Vankann meint: „Verein und Sponsor ergänzen sich mit einer Kooperation ideal. Der Verein hat den sozialen Auftrag, jungen Menschen eine sinnvolle Freizeitbeschäftigung zu bieten, um sie somit in der heimischen Region halten zu können. Der Sponsor kann mit seiner Unterstützung dazu beitragen und hält oder gewinnt somit eigene Kunden für sein Unternehmen. Der Verein sollte dann aber auch seinen Mitgliedern die einzelnen Vereinssponsoren nennen und ihnen empfehlen, bei den Sponsoren vor Ort die eigenen Dienstleistungen in Anspruch zu nehmen und nicht im Internet nach dem günstigsten Anbieter für das gesuchte Produkt zu suchen.“

Werbung steht beim

Sponsoring nicht an erster Stelle

„Wir unterstützen die Vereine, weil sie ein Teil unserer Region sind, und weil die Mitglieder der Vereine auch unsere Mitglieder, Kunden und Mitarbeiter sind“, sagt Petra Kallwaß, Leiterin Vertriebsmanagement der Volksbank in Schaumburg. „Wichtig ist uns dabei vor allem die Förderung der Arbeit mit Kindern und Jugendlichen, denn attraktive Angebote binden den Nachwuchs an die Vereine. Verantwortung für die Region zu übernehmen, ist uns auch im Bereich Sponsoring eine Herzensangelegenheit.“

„Die Unterstützung der Vereine zum Beispiel bei der Anschaffung von Trikots hat für mich ideelle Gründe“, sagt Axel Dohmann vom gleichnamigen Autohaus in Rinteln. „Der Schriftzug auf dem Trikot kann unter Umständen den Bekanntheitsgrad steigern, die Werbung steht für unser Unternehmen aber nicht an erster Stelle. Mit meinem Sponsoring möchte ich die Jugendarbeit stärken. Wenn Kinder und Jugendliche in einer Mannschaft Fußball spielen, lernen sie Teamgeist, soziales Verhalten und sind weg von der Straße.“

Die Sparkasse fühle sich nicht nur aus dem historischen „öffentlichen Auftrag“ heraus, sondern aus voller Überzeugung für die Menschen und die Region verantwortlich, sagt Werner Nickel, Marketingchef der Sparkasse Schaumburg. Vereine seien „soziales Kapital“, denn dort übernehmen Menschen Verantwortung, lösen gemeinsam Probleme, praktizieren Solidarität und erleben Geselligkeit. Ein aktives und vielfältiges Vereinsleben trage wesentlich zur Lebensqualität in der Region bei, so Nickel. Deshalb fördere die Sparkasse Vereine – insbesondere Sportvereine – in einem Gesamtvolumen eines höheren fünfstelligen Eurobetrages jährlich.

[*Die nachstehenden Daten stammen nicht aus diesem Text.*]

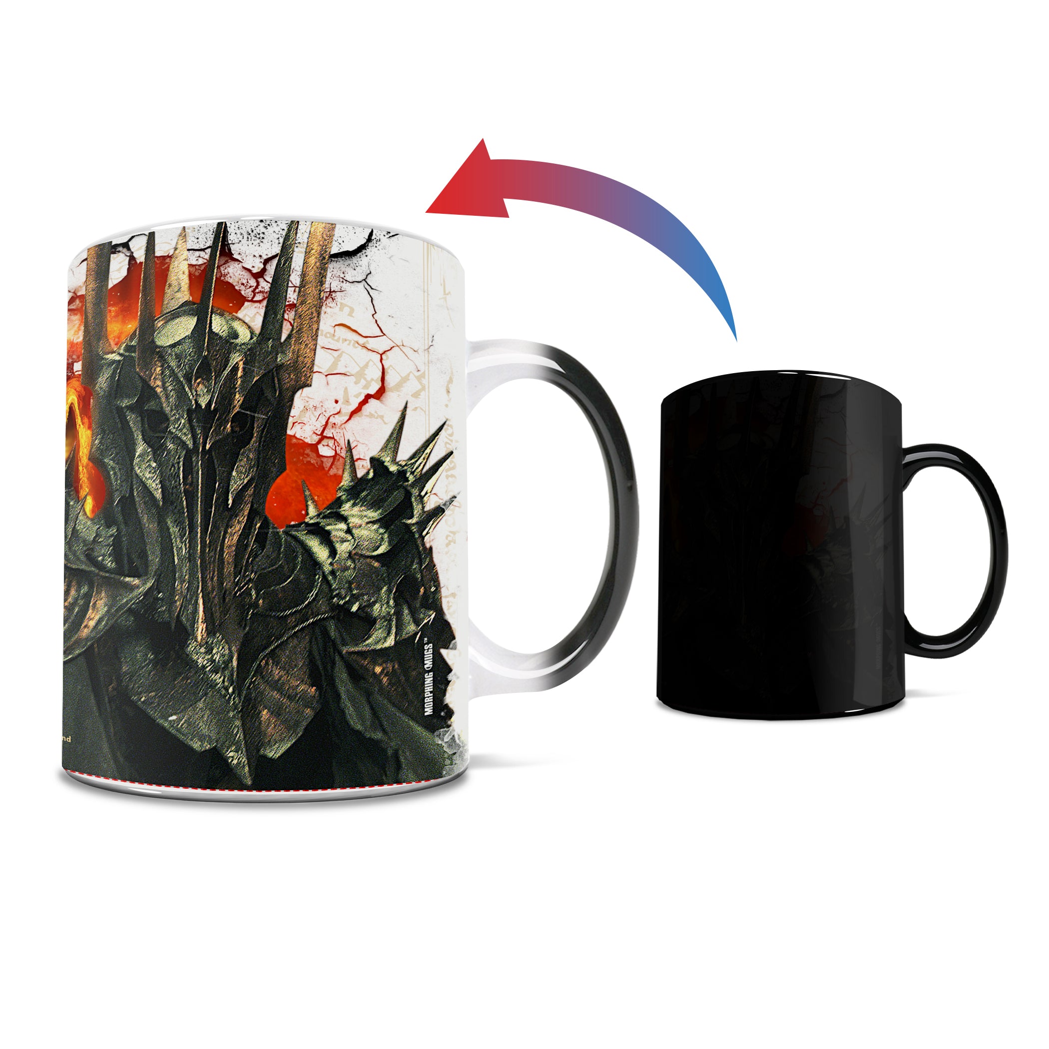 "One ring to rule them all, one ring to find them. One ring to bring them all, and in the darkness bind them." Bring The Lord of the Rings to every hot cup of coffee with this Morphing Mugs® heat-sensitive mug. This collectible mug features the iconic poem and an image of the Dark Lord Sauron. The exterior of this 11oz mug transforms from black as hot liquid is added, revealing the hidden image in full, vivid colors.

„Die Nennung der Sparkassen-Aktivitäten in Wort und Bild zum Beispiel in den Medien ist ein wesentlicher Teil der Öffentlichkeitsarbeit der Sparkasse. Nicht nur aus diesem Grunde, sondern auch wegen der hohen Popularität bildet der Fußball seit Jahren einen Schwerpunkt der Förderung“, erklärt Nickel.

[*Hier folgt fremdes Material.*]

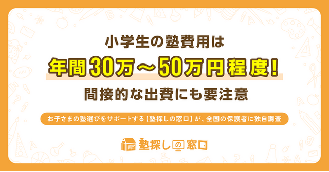 全国の塾情報を掲載し、保護者の方の効率的な塾選びをサポートする「塾探しの窓口」(運営会社:合同会社プラスワン、本社:東京都千代田区、代表:鳥澤昭平)は、小学生の通塾に関して「費用」の面から調査を行いました。

Um von der Sparkasse als Verein unterstützt zu werden, sollten Vereine eine „funktionierende Infrastruktur aufweisen, keine vakanten Vorstandsposten haben, was auf mangelndes ehrenamtliches Engagement schließen lassen könnte, aktive Jugendarbeit betreiben, nicht durch Negativ-Schlagzeilen wie Regelverstöße oder Unfairness von sich reden machen und insgesamt ein positives Image in der Öffentlichkeit haben“, beschreibt Nickel entscheidende Förderungskriterien.